Нет, в этих эстетах не было ничего аскетического. Все, чего они хотели, это пространства для самовыражения и непринужденности. Вот помнится как чудное видение: Россетти лежит на диване, зажженные свечи у него в ногах и в изголовье, а две необыкновенно красивые дамы роняют виноградинки прямо ему в рот. Но Россетти лежал так не потому, что хотел поразить зрителей красотой этой сцены, а просто потому, что ему нравилось лежать на диване, нравился виноград и особенно нравились красивые дамы. По существу, все они хотели свободы самовыражения. И когда не могли выразиться как-то иначе, они самовыражались в письмах. И — не знаю почему — чаще всего они пересылали свои письма со взаимной бранью через Мэдокса Брауна. Начиналось с короткой резкой записки, а потом она обрастала целыми пачками бумаги.
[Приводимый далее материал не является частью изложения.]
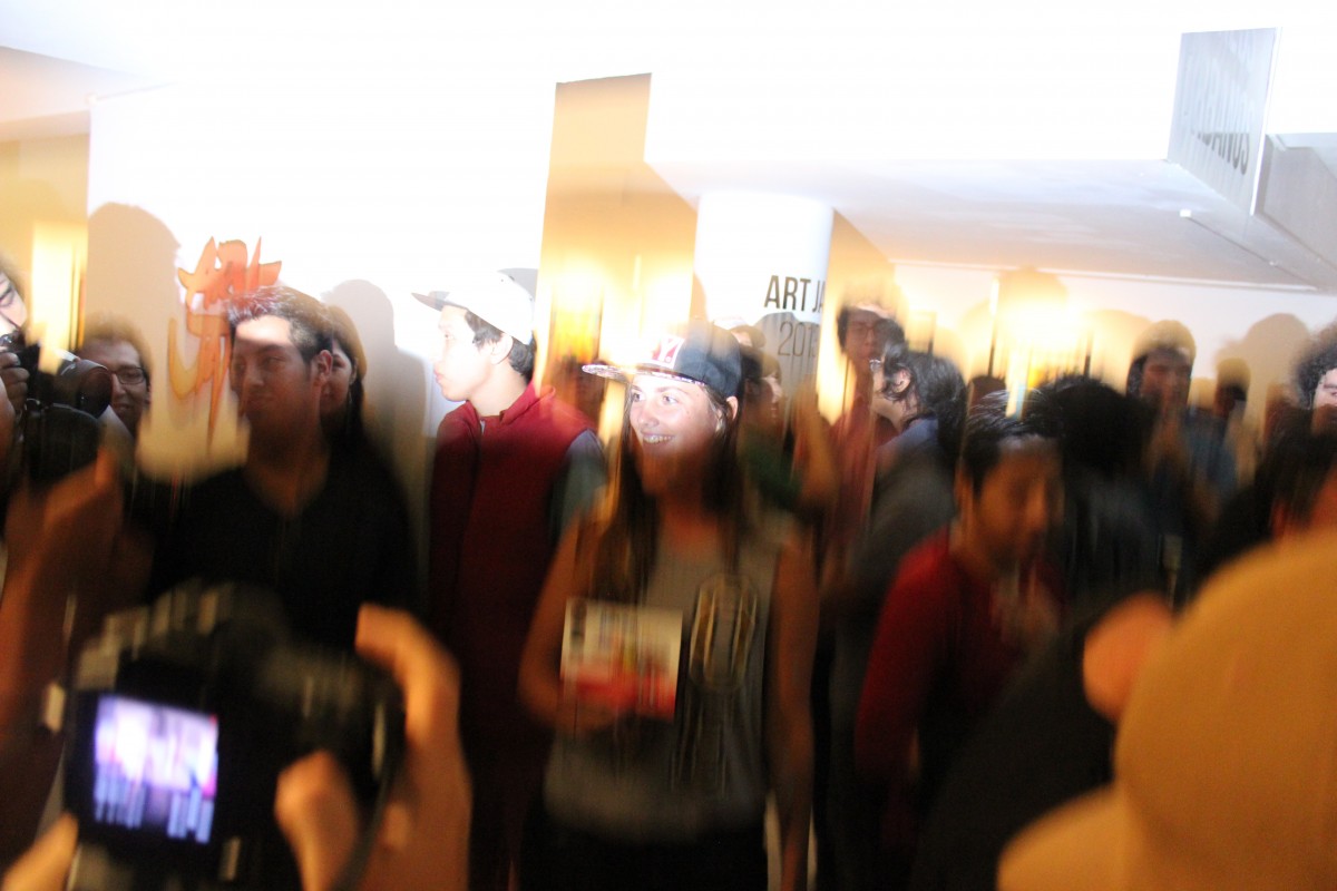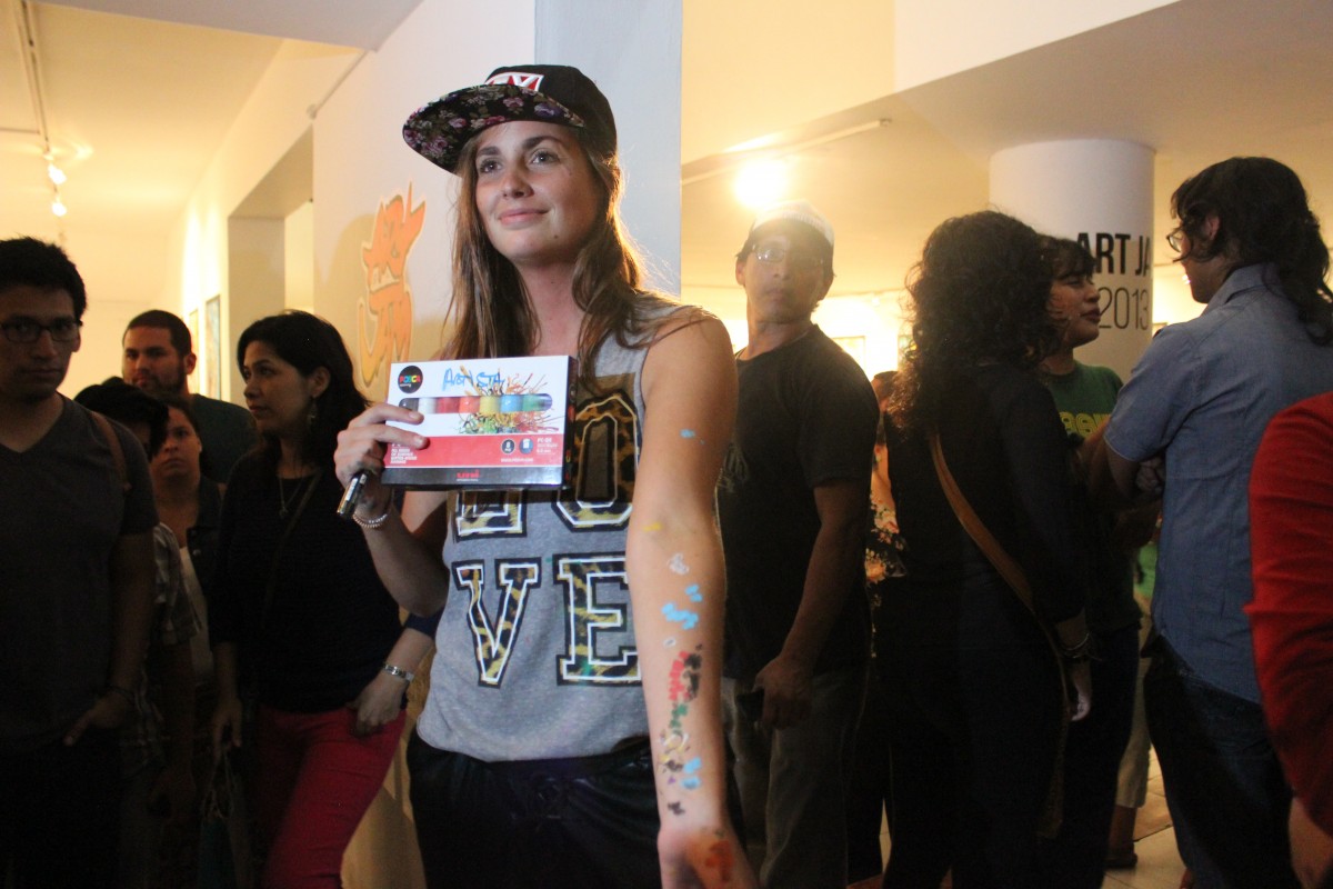 The heartwarming pictures each artist took with their family and friends indicated that this was an intimate affair, even for the seasoned artists. As each artist finished and signed their work, the eager crowd gathered in the gallery to hear the winner anounced. Anticipation was pulsating through the crowd and cameras were clicking incessantly. Both prizes were awarded to the only two girls in the competition, with Vitaminas taking home second place and Caro Paz coming out the victor. As she posed for the cameras, onlookers stayed in the gallery for another look at the outstanding art that surrounded them while familiar songs played in the background. While no one predict what the next round of artists will produce, one thing is clear: I will certainly attend the next Art Jam.

Например, один великий живописец писал: «Дорогой Браун, скажите Габриэлю[40], что, если он в воскресенье повезет мою модель Фанни на речную прогулку, я прекращаю с ним отношения».
Габрэль в воскресенье везет модель Фанни на речную прогулку, и за этим следует трехсторонняя дуэль в помпезных письмах.
Или, опять же, Суинберн пишет: «Дорогой Браун, если П. говорит, будто я сказал, что Габриэль пристрастился <…>, П. лжет».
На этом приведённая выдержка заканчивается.